[Work instructions] Only certain lines below are wanted: those starting at the line containing "Batik Kain Buatan" and ending at the line containing "Geda affaldsskakt i", both included, each retyped exactly.

[Input data]
BEGIN

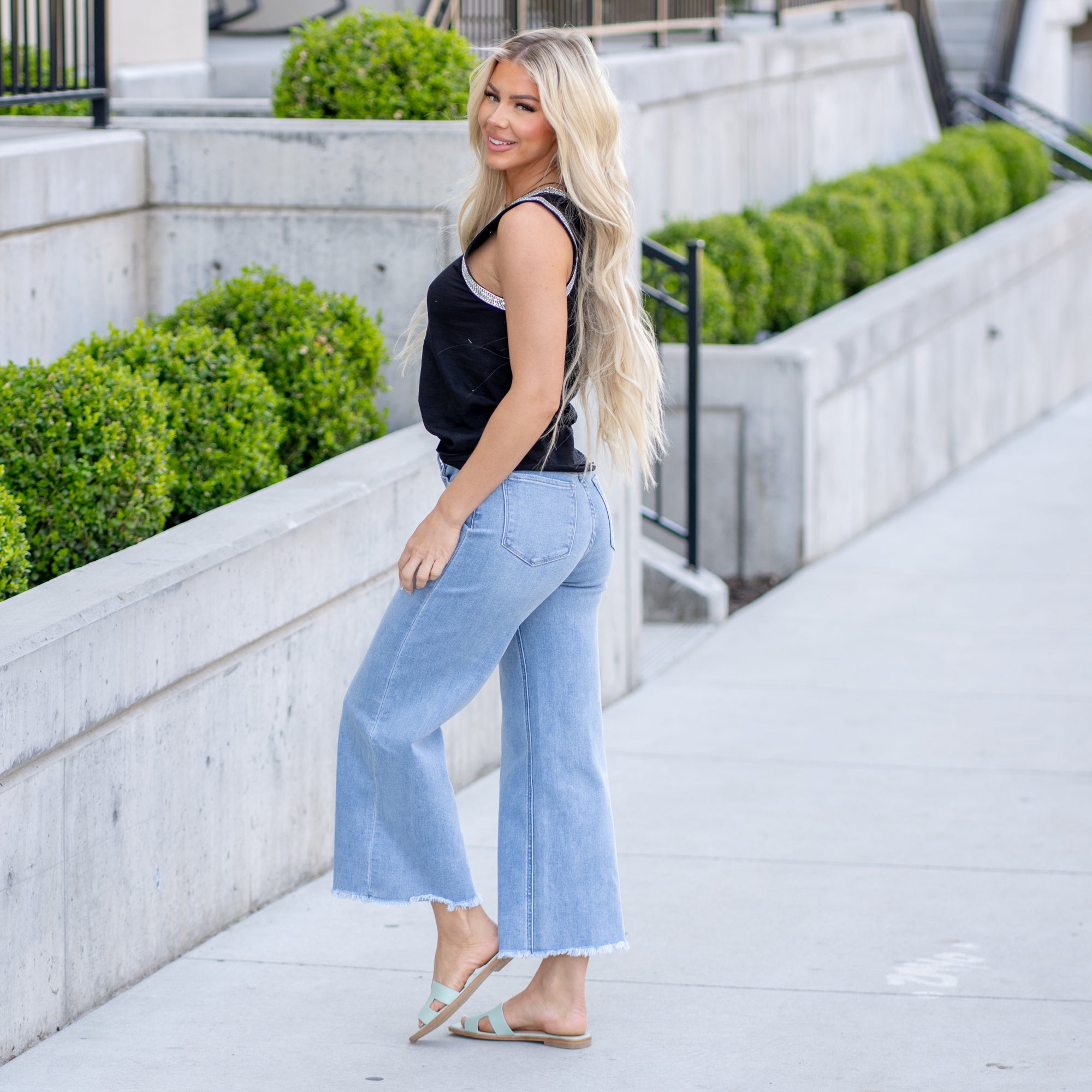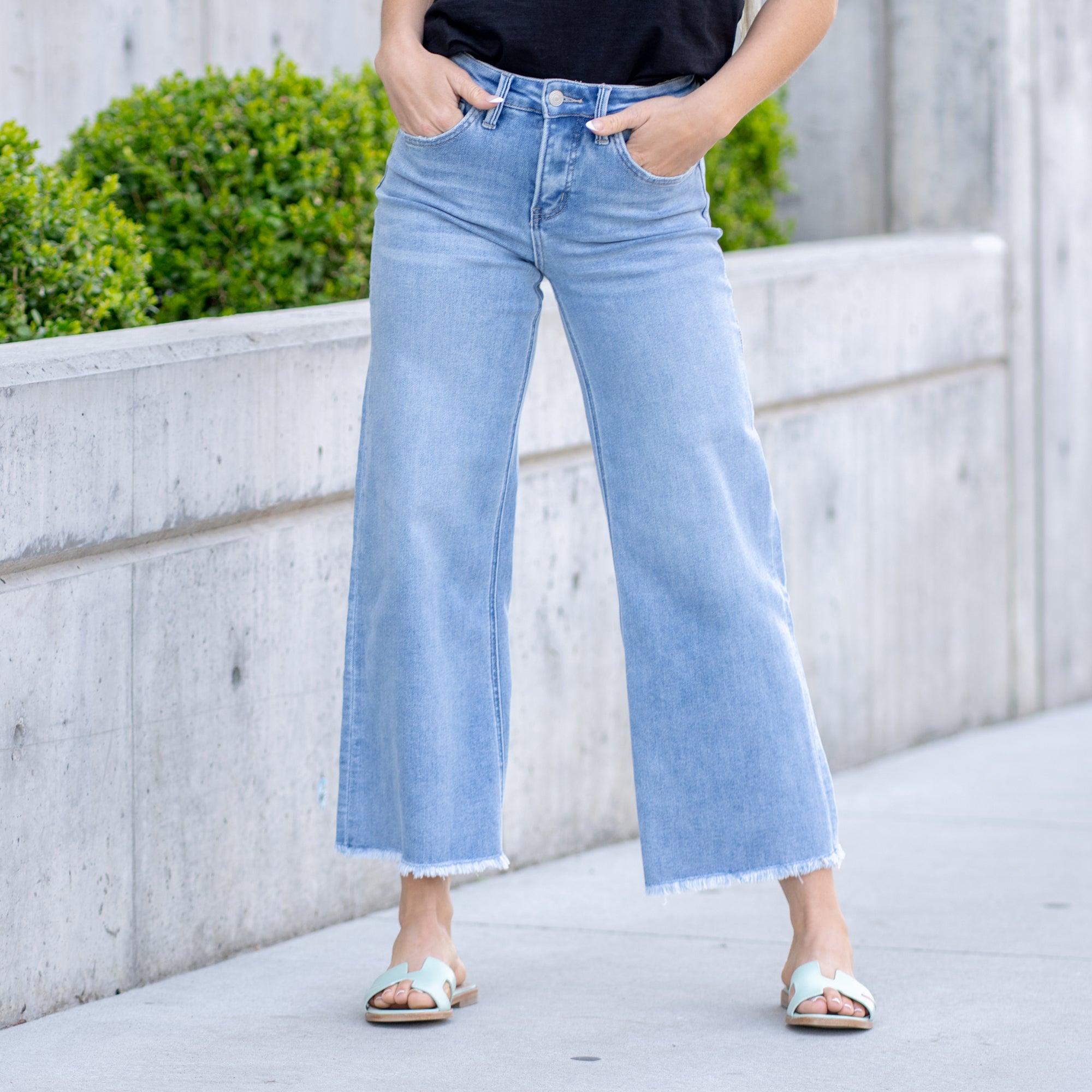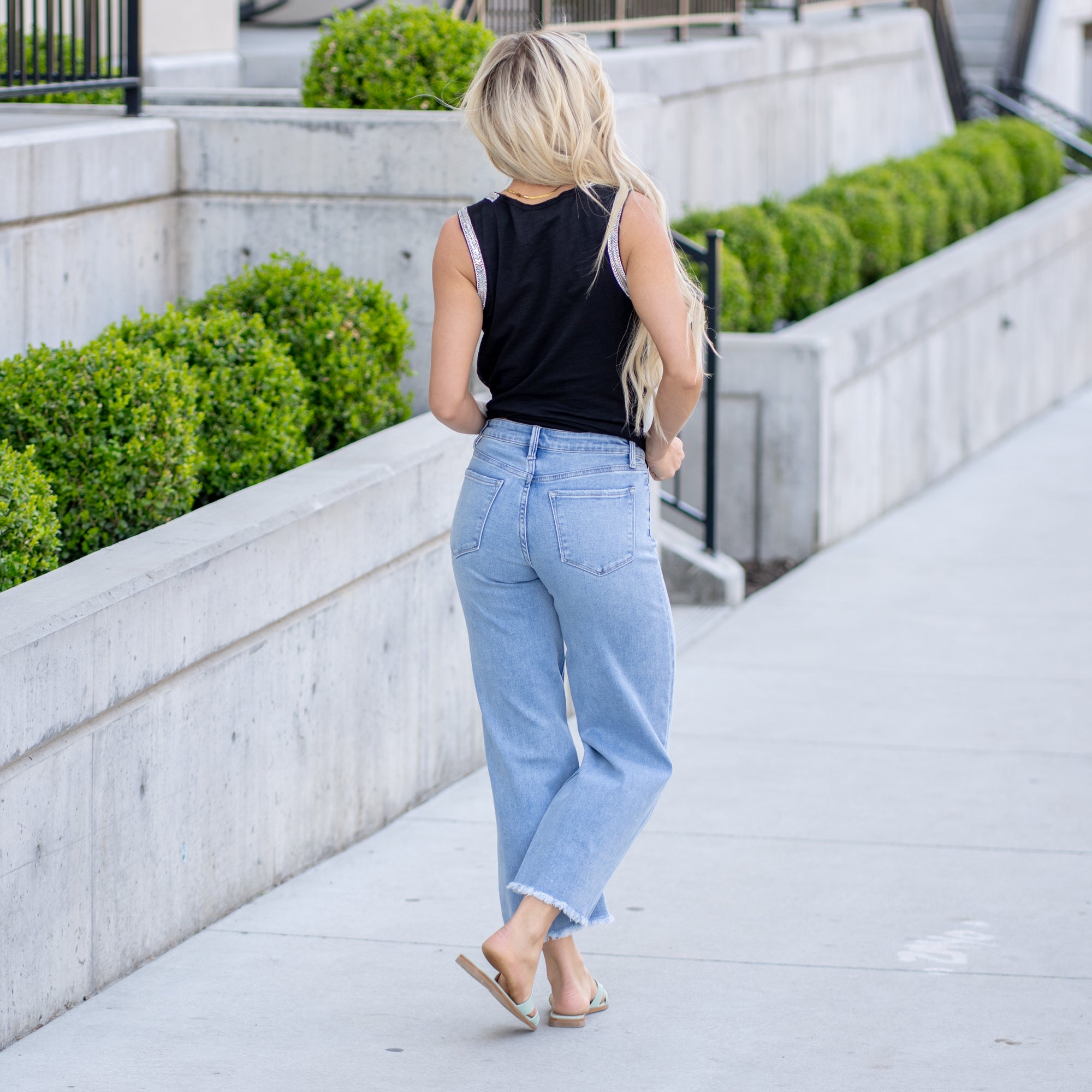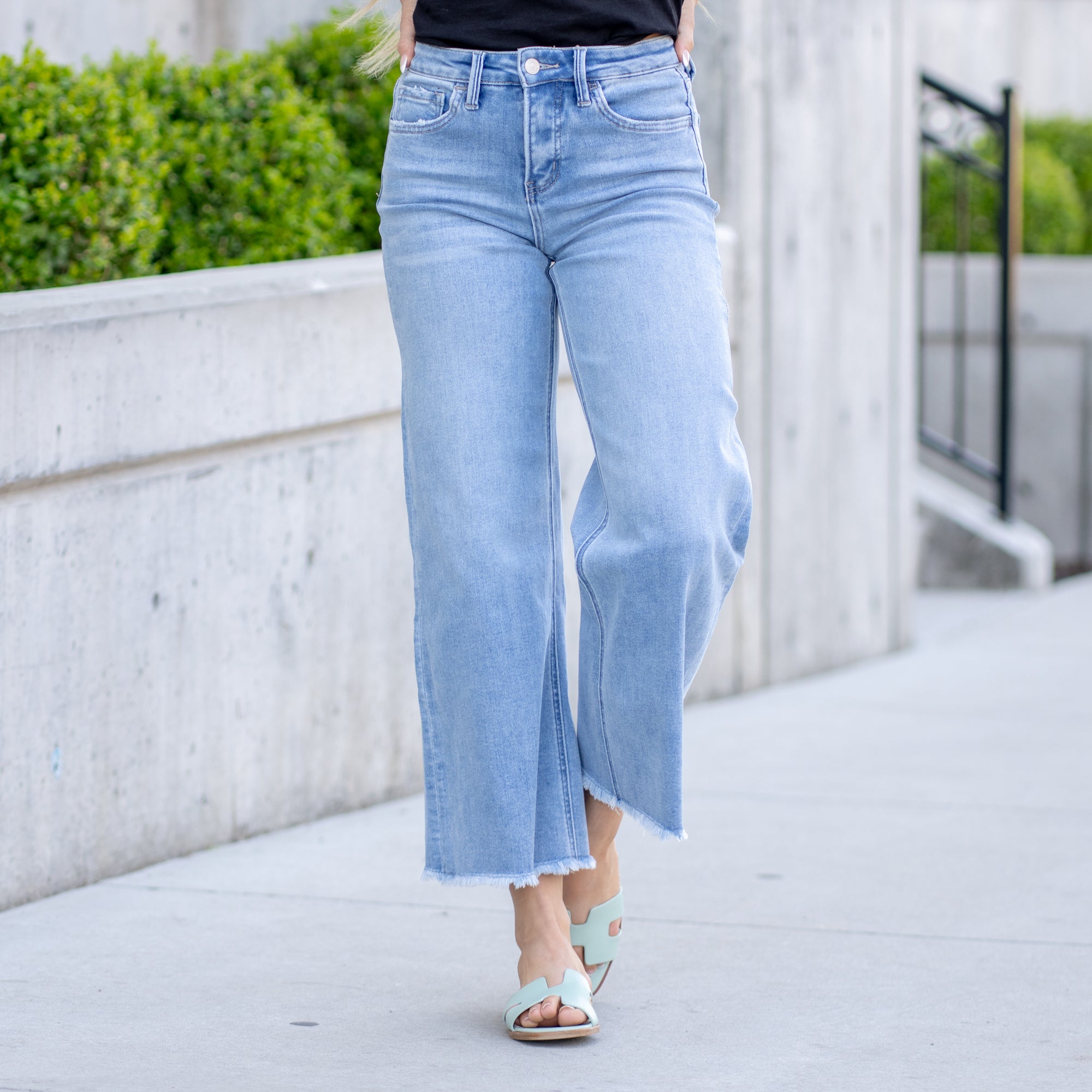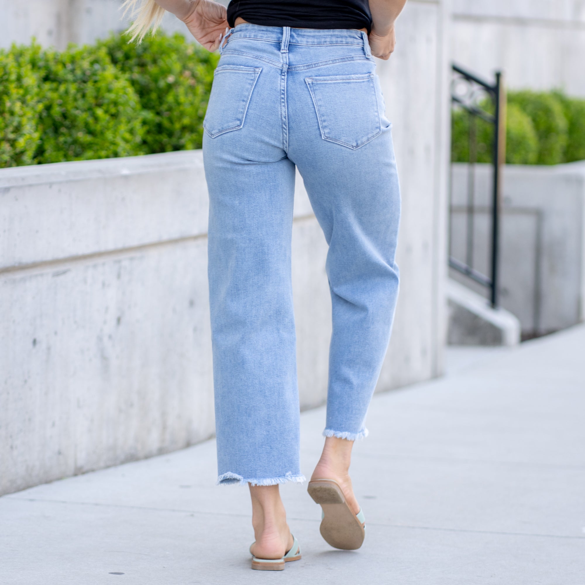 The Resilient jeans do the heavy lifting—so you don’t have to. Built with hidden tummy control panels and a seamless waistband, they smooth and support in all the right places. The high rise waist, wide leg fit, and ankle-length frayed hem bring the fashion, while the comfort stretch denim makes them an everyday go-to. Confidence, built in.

END
BEGIN

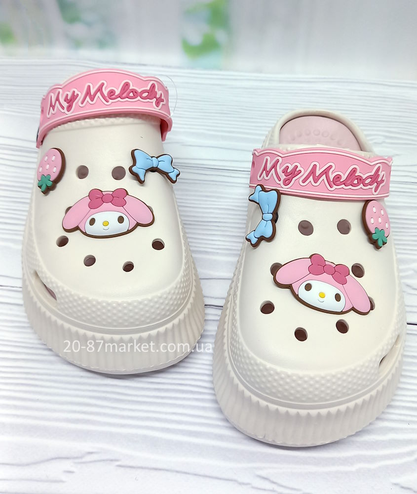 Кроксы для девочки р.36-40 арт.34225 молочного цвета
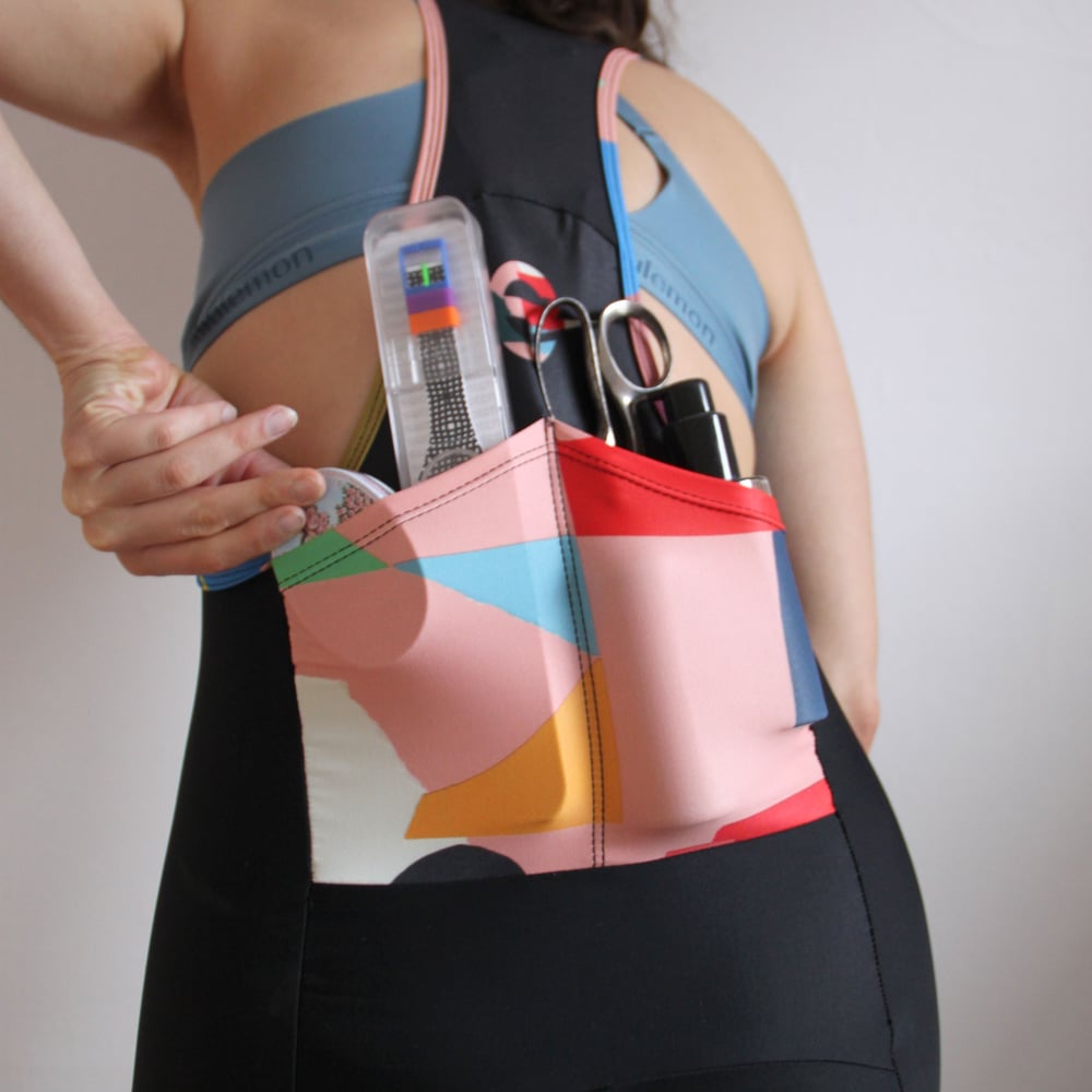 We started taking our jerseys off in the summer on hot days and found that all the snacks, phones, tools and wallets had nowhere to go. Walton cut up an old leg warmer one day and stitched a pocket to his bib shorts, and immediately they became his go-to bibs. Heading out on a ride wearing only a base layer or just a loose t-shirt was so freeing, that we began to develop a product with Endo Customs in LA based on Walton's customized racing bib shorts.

END
BEGIN

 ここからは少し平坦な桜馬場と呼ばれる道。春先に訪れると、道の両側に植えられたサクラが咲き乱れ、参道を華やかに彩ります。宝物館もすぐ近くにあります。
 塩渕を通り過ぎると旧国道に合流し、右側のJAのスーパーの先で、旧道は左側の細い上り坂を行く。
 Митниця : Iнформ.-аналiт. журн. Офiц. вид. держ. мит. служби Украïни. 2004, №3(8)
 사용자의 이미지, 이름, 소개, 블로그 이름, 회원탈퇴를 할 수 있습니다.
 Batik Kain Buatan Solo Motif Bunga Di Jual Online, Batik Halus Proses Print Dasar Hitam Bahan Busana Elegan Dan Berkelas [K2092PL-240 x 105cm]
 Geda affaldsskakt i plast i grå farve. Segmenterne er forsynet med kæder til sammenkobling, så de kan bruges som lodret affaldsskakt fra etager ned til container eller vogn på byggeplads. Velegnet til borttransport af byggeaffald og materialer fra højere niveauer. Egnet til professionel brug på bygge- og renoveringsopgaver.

END

[Written response]
 Batik Kain Buatan Solo Motif Bunga Di Jual Online, Batik Halus Proses Print Dasar Hitam Bahan Busana Elegan Dan Berkelas [K2092PL-240 x 105cm]
 Geda affaldsskakt i plast i grå farve. Segmenterne er forsynet med kæder til sammenkobling, så de kan bruges som lodret affaldsskakt fra etager ned til container eller vogn på byggeplads. Velegnet til borttransport af byggeaffald og materialer fra højere niveauer. Egnet til professionel brug på bygge- og renoveringsopgaver.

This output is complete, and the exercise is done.